Starting point is 00:26:18 So if you have everybody on your team. A little work play action. A little work play action. No, if you're a Seed Stage Found founder, you should never take a true vacation. Sure, sure. Do not go offline. Yep. If you're burning out, it's because your product's not working.
Starting point is 00:26:31 And you're not doing your life's work. And you're not doing your life's work. You don't need a vacation to fix that. So go to Eastern Europe, great food, wine, views, everything, and hire some new developers or hang out with some existing ones, and just avoid Western Europe. That's great.
Starting point is 00:26:51 And of course, this one's going to be bold. So we had been recommending some eventing horses, some race horses, generally thoroughbreds. But for the seed stage founder, I'd go with a mini horse. And the reason for that is I think you could really get some yield out of it. You could sort of keep them in the second bedroom of your apartment if you needed to. But on the weekends, if you got little younger cousins or siblings or anything like that, let them go rent it out to kids' parties and you
Starting point is 00:27:25 could earn some yield on it. So the food for that mini horse might cost you a few hundred bucks a month, but I think you could get a few hundred bucks per party, uh, to rent out that mini horse. And, um, and so anyway, some, some potential yield there. And you can make it, you can make the company's mascot. Uh, there's a famous story about the hedgehog at Facebook. Sean Parker wanted to go get a hedgehog. It could be your mascot during the weeks, and on the weekends, it's working. You could probably go viral with that on X. You post, oh, yeah, grinding with the mini horse today. Grinding with mini.
Starting point is 00:27:54 Just developer next to the mini horse. That's going to get engagement from everyone. Yeah, yeah, yeah. That's great. Okay, I love it. Marketing value and then some yield help pay off your ramp bill at the end of the month. That brings me to my wildcard gift. This is an easy one.
Starting point is 00:28:09 There's no excuse not to get this for the seed stage founder in your life. Set them up. Write them a nice card. But in the card, it's the phone number of your favorite ramp SDR. I love it. It just says give them a call. I already told them you're going to call. They will take care of you.
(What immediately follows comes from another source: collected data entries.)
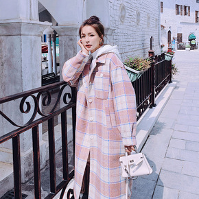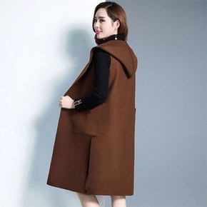 春新款上衣女毛呢外套连帽长马甲中长款韩版宽松学生呢...
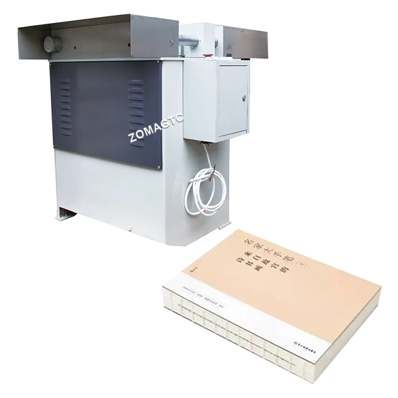 The middle warp plate of the book shell is pressed to produce a circular arc that matches the thickness of the book core, which is conducive to the nesting with the rounded book core.It is also suitable for unconventional sizes and personalized round ridge hardcover books, which can solve the problem of multi-variety, small batch and personalized round ridge hardcover book shell production. • Standard with four different arc shapes of the round ridge mold heating and shaping, suitable for different thickness of the round ridge hardcover book production. • Adjustable heating temperature of round ridge mold, dovetail groove structure design. • Bookcase ironing setting time can be adjusted according to demand. • Foot valve controls pneumatic pressure and adjustable pressure. • Replace molds with different radians to match round ridge hardcover books of different thicknesses. • Circular mold with smoother pull-out design, controlled release and fixing via pneumatic positioning leve |
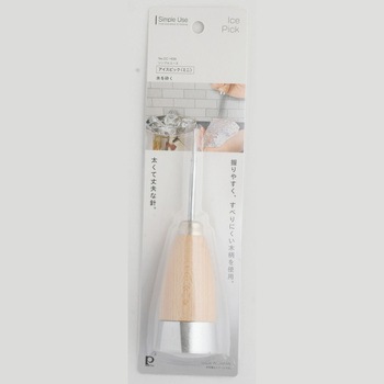 握りやすく、すべりにくい木柄ハンドル。針はベースが太いので丈夫です。尻金が鉄鋳物製なので、氷をくだけます
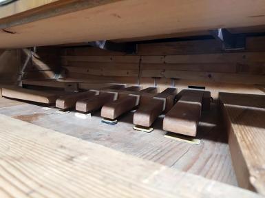 Das Hebelwerk der Pedale wurde gängig gemacht, der Fagottzug mit neuem Pergament/Leder/Stoff bezogen und alle Pedalfunktionen reguliert.
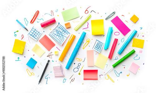 stationery in doodle 2D illustrator style, with cartoonish/symbolic elements and a white background.

Starting point is 00:28:23 They'll get you set up on a ramp. It's painless. It takes a few minutes. And companies on average save 5% a call. I already told them you're going to call. They will take care of you. They'll get you set up on ramp. It's painless. It takes a few minutes. And companies on average save 5% a year. So that was an easy one to add in there. I love it. Okay, let's go back to me. I got two and then we'll go back to you. We're going for the up and coming general partner at a venture capital firm. Probably not a liquid billionaire yet, but has probably driven maybe a billion dollars in returns for the fund. I would hope so. And so, you know, this is a person with taste. They need to move up in the upper echelon of class and style, and they need to let people know that they've arrived, but you're not going to be breaking the bank like you would with the deck of billionaire size Lord. So for gun, we're starting with the Magnum Research
Starting point is 00:29:05 Gold Plated Desert Eagle 5.0. Great conversation starter. Under 10k, potentially. And yeah, it's iconic. You can still carry it in a board meeting, which I think is important. There needs to be a threat of violence in board
Starting point is 00:29:22 meetings. We've discussed this. You need to know, oh, you think we should pull forward our sales targets? Are you willing to die for that? Are you willing to put everything on the line for what you're saying? We've posted about this before. Your board meeting should look like at least once a year, like an all-out brawl. Exactly. Exactly. And almost having, you know, if every board member has a firearm on them,
Starting point is 00:29:52 it can kind of keep people more productive because there's this threat of violence beyond just, you know, throwing blows. And if you're a founder and you walk into a board meeting, uh, and you know, in your suit, you got a holster, there's a gun. And one of your board members says something, it's just like, Oh, so you don't respect the constitution. Like what are we doing here? Yeah. Yeah. What are we doing here? Ask him to step down. Yeah. So, uh, I think that's a great choice for the up and coming GP for the car.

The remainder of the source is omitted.